10.Explain the demerits of Joint Stock Company.

SOLUTION

The demerits of Joint Stock Company are as follows:

  1. Rigid Formation: The formation of a joint stock company is lengthy, difficult, and time-consuming. There are many legal formalities for starting a business. Promoters have to prepare documents like Articles of Association, Memorandum of Association, etc. A private company has to go through two stages of information. A public company has to go through four stages of information.
  2. Delay in Decision Making Process: In a company form of organization no single individual can make a policy decision. All important decisions are taken by the Board of Directors. The decision making process is time-consuming. Businesses may lose opportunities because of delays in decision making.

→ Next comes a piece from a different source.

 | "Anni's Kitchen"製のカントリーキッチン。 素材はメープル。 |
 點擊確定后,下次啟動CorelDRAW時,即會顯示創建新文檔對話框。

  3. Lack of Secrecy: The management of companies remain in the hands of many persons. Everything is discussed in the meetings of the Board of Directors. All important documents are available at the registered office for inspection. Thus, there is no secrecy in business matters.

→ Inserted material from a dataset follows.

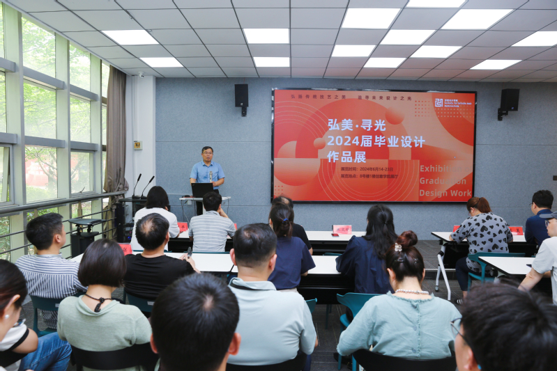 6月14日中午,太阳成集团tyc122cc在八号楼8130智慧教室举行弘美·寻光——太阳成集团tyc122cc2024届毕业设计作品展开幕式。党委委员、副董事长张文明,员工处处长凌琳处长凌琳、教务处副处长许晓宇、科技处副处长苏昊,创意设计公司党政领导及师生出席活动。

  4. Excessive Government Control: A large number of rules are framed for the working of companies. The companies will have to follow rules for internal working. The government tries to regulate the working of the companies because large public money is involved. In case regulations are not complied with, large penalties are involved.
  5. High Cost of Management: The management of joint stock company form of organization is costly. Services of experts like share brokers, underwriters, solicitors, bankers are needed which is costly. Highly qualified staff is needed. They are paid good salaries. The dissolution of the firm is also costly.

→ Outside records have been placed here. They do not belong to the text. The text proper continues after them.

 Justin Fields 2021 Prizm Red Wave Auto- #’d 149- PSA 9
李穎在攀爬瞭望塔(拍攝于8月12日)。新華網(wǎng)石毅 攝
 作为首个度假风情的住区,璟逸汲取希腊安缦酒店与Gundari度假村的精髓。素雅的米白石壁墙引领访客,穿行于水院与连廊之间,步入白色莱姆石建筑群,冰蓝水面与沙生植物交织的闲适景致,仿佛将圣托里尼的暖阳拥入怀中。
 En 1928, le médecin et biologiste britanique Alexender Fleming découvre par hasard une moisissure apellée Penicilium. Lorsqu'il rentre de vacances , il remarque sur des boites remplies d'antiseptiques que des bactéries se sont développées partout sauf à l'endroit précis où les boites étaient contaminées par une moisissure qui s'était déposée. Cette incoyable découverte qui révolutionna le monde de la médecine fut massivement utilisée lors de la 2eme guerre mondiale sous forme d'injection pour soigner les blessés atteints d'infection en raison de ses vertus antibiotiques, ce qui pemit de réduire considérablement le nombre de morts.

  6. Reckless Speculation: Directors look after the management of the company. They have full information about the progress of the company. They use these details for speculation in shares. This results in fluctuations in share prices. This affects public confidence.
  7. No Personal Contact: There are a large number of employees in the organization. There is no personal contact of owners and managers with employees. Lack of appreciation demotivates employees. Similarly, managers and directors are not able to maintain personal contact with their customers. Thus, customers’ likes and dislikes are ignored.
  8. No Direct Effort Reward Relationship: Joint Stock Company is owned by shareholders and managed by the Board of Directors. Board of Directors are paid for managing and profit is shared by shareholders. There is no direct relationship between efforts and rewards. Directors may not take a lot of interest in the working of the company.